Send this to all the women you know to give them a good laugh, cause they know that it's true.


----------



## kitchenelf (Aug 7, 2007)

.......................

Sounds about right to me!


----------



## buckytom (Aug 7, 2007)

again, there is the suspicious lack of the words "yes", and "right now"!


----------



## letscook (Aug 7, 2007)

How about these 2

I'll Think about it

Maybe


----------



## Barb L. (Aug 7, 2007)

That about sums it up !


----------



## phil_uk (Aug 7, 2007)

number 7 is very rare 

Thanks for sharing made my day.


----------



## Rom (Aug 7, 2007)

Kitchenelf...sounds right..cos it is right LOL

buckytom... yes...right now?

"*I'll think about it*" and "*maybe*" mean a striaght out *NO*...don't be dillusioned into thinking she may actually be thinking about, she just doesn't want to start an argument as she may be in a good mood or she is wondering if you were actually serious to begin with 

Phil_uk....ur right lol "thanks" for pointing that out LOL


----------



## ironchef (Aug 7, 2007)

Don't forget about a**hole or jerk.

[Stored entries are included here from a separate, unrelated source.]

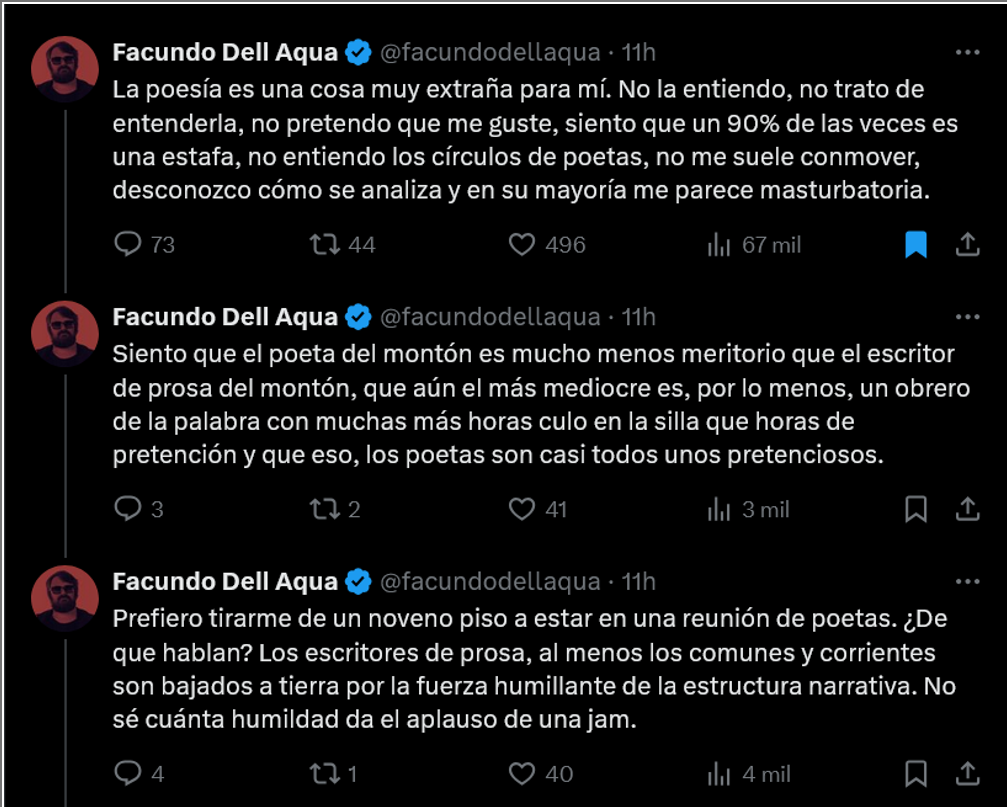 Para bien o para mal, lo que Octavio Paz denominó (con un hermoso oxímoron) la “tradición de la rutpura” con los años se volvió dominante, y por eso suele leerse esta transformación como un triunfo, uno de los mayores legados de las vanguardias. Sin embargo, es posible ensayar una mirada más crítica sobre la hegemonía versolibrista; quiero detenerme en una serie de tuits del escritor de terror Facundo Dell Aqua donde ataca la poesía en términos a la vez similares y diametralmente opuestos a Gombrowicz.
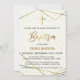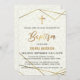 Convite clássico para o Batismo Vintage. Design com fundo floral brilhante, formas geométricas douradas e "Baptism" em escrita caligrafia. Para editar este modelo, clique em personalizar mais.
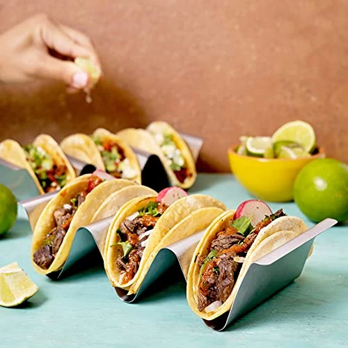 - GRILL & OVEN SAFE TACO RACK – Made out of stainless steel, these taco trays can be used right inside your oven to bake (or even reheat) your tacos! This made filling, baking and serving tacos all in 1 place!
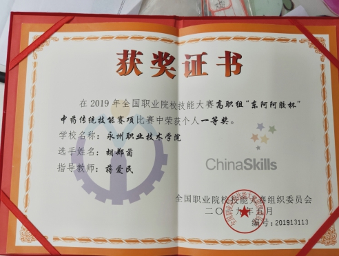 在本次竞赛中,胡郑菊同学凭借过硬的专业技能和强大的心理素质,经过两天的激烈比拼,出色完成了中药性状鉴别、中药真伪鉴别、中药调剂(含审方)、中药炮制等等相关赛项任务,展示了熟练的专业知识和专业技能,体现了良好的规范意识、职业习惯与职业素养,最终获得了一等奖的优异成绩。
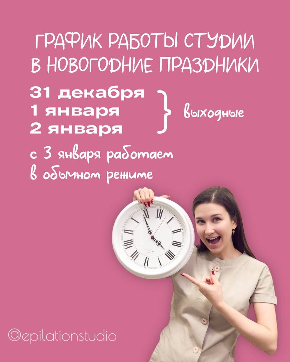 ! ❄️ График работы в новогодние праздники: · 31 декабря, 1 и 2 января — выходные дни ❤️ · С 3 января — работаем в обычном режиме: с 9:00 до 21:00! Что важно знать? · Запись на январь уже открыта! Успейте забронировать удобное время для первой в году процедуры. · Подарочные сертификаты можно приобрести в электронном виде даже в дни нашего отдыха — просто напишите нам в личные сообщения . · С 3 января мы ждём вас в обеих студиях, чтобы начать этот год красиво, гладко и уверенно! Пусть ваши праздники будут тёплыми, а новый год — таким же мягким и комфортным, как ваша кожа после наших процедур! 🥂 С любовью и предвкушением чуда, ваша студия @epilationstudio
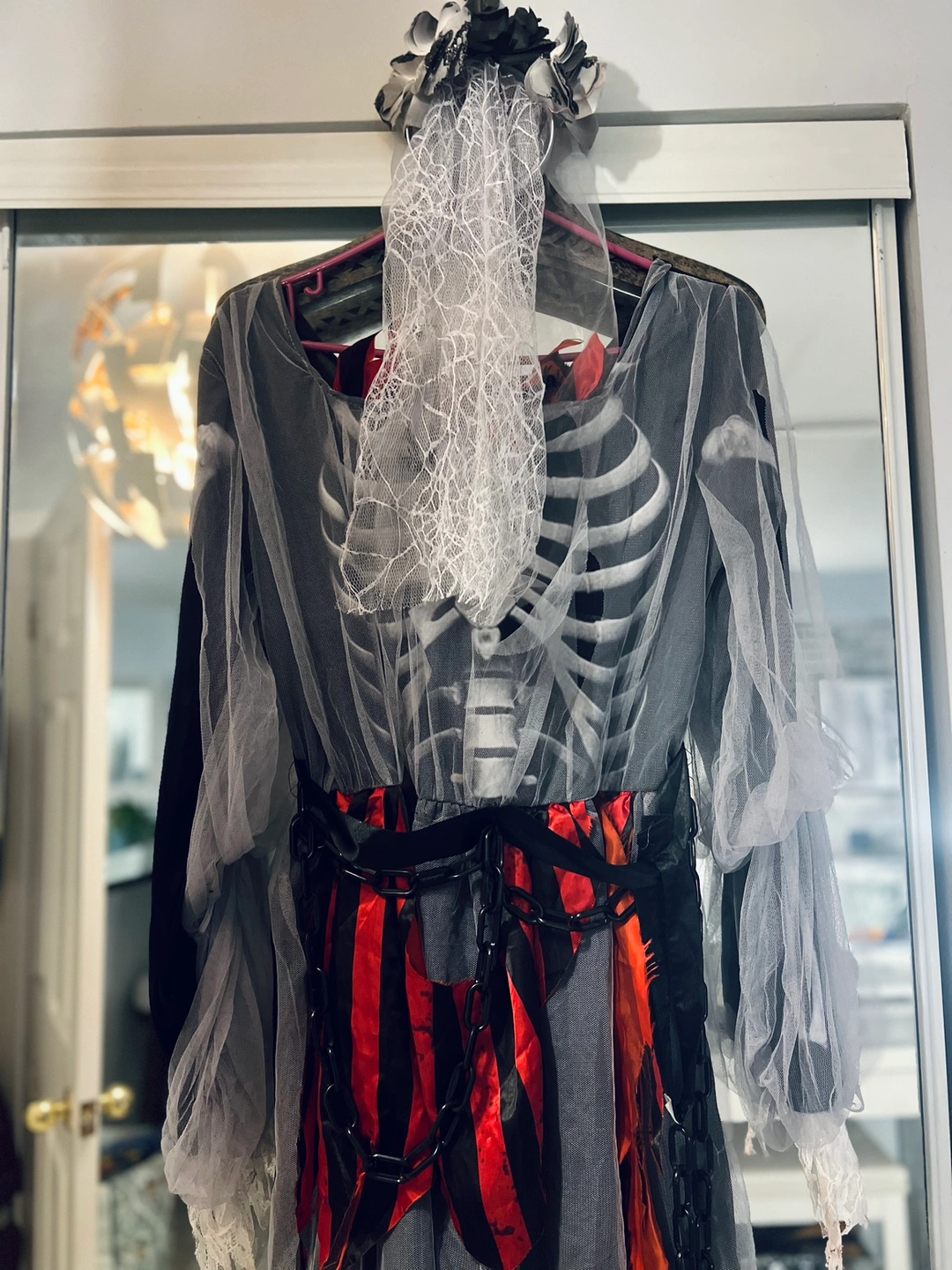 Skeleton Zombie Bride Costume with Spooky Veil Headband

Those two words are probably used more than any of those on the list, and often times in conjunction with them.

Man: Sorry I forgot to call. I got tied up in a meeting.

Woman: Whatever you a**hole.


----------



## Fisher's Mom (Aug 7, 2007)

ironchef said:
			
		

> Don't forget about a**hole or jerk. Those two words are probably used more than any of those on the list, and often times in conjunction with them.
> 
> Man: Sorry I forgot to call. I got tied up in a meeting.
> 
> Woman: Whatever you a**hole.


Ironchef, I didn't realize you are married!


----------



## ironchef (Aug 7, 2007)

Fisher's Mom said:
			
		

> Ironchef, I didn't realize you are married!


 
Actually, I'm not.


----------



## Rom (Aug 7, 2007)

but they have a very clear and specific meaning lol no translation needed hehehehehe


----------



## middie (Aug 8, 2007)

phil_uk said:
			
		

> number 7 is very rare
> 
> Thanks for sharing made my day.


 
Hey I say Thanks quite often.


----------



## Fisher's Mom (Aug 8, 2007)

ironchef said:
			
		

> Actually, I'm not.


Well, it appears some generous woman has prepared you well for wedded bliss!


----------



## keltin (Aug 8, 2007)

What the........???????
 
Humph......I don’t know about the rest of you guys, but I wear the pants in my house.........when my wife let’s me............


----------



## Fisher's Mom (Aug 8, 2007)

keltin said:
			
		

> What the........???????
> 
> Humph......I don’t know about the rest of you guys, but I wear the pants in my house.........when my wife let’s me............


It's okay keltin. I know a guy who also likes to wear his wife's clothes.


----------



## Andy M. (Aug 8, 2007)

Eventually, some more evolved men learn not to get into arguements with women at all.  Rather, they answer with, "Yes, Dear!", the two words that end all discussions.  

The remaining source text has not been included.